Thats is one hell of a turn around, Great job. :thumb:


----------



## MadOnVaux! (Jun 2, 2008)

Nice one fella


----------



## Bass-Evolution (Aug 13, 2009)

thank you cor the comments !! :thumb:


----------



## brautomobile (Nov 17, 2009)

Very nice work Bass-Evolution, top job!Hope you don't mind that i'm answering this question. 



Sandman said:


> I never understood, the wet sanding. How do i know when it's too scratchy, the paper. I'm always afraid to scratch the headlight pattern too hard.
> 
> Do i use the usual water for wet sanding, or some lubricant?

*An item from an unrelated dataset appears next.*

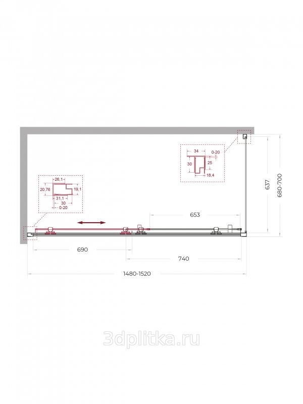 | Модель: Uno 195-AH-1-110/80-C-Cr Ширина дверного проема: 54.0 см |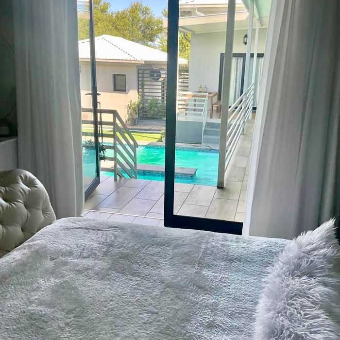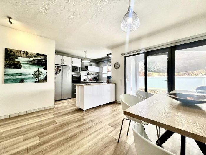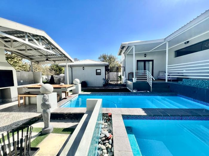 Executive living in Avis, Windhoek near Hosea Kutako Airport and amenities; modern open-plan kitchen, splash pool and deck in a secure complex — fully furnished three-bedroom, two-bath, double garage.

It's quite easy, never go under 320 grit and it will be fine.You have to use each time a sandpaper or a send disk to remove the scratches from the previous one.For the beginning it's best to start with 1000 grit paper or disk than 1500 or 2000 then the 3000.Afterwords you can finish with a compound than a finish or fine polishing paste.The idea is to remove entirely the clear uv coating from the headlight.The best part is that it's quite impossible to destroy the headlight or to do something irreversibly.Don't be afraid, just do it.:thumb:


----------



## Bass-Evolution (Aug 13, 2009)

I don't mind at all. Thank you by the way. And, yes, you are right. The ideea is quite simple. The worse the state of the headlight, the more aggressive the first sandpaper should be. You need to remove bit by bit all the defects from the headlight, this being done with the sanding procedure, then, you need to restore the clarity and transparence of the lens, this being done with the less aggressive sandpaper, followed by compounding and the polishing. 

You don't need to be afraid, you only need to try.

Practice makes perfect.


----------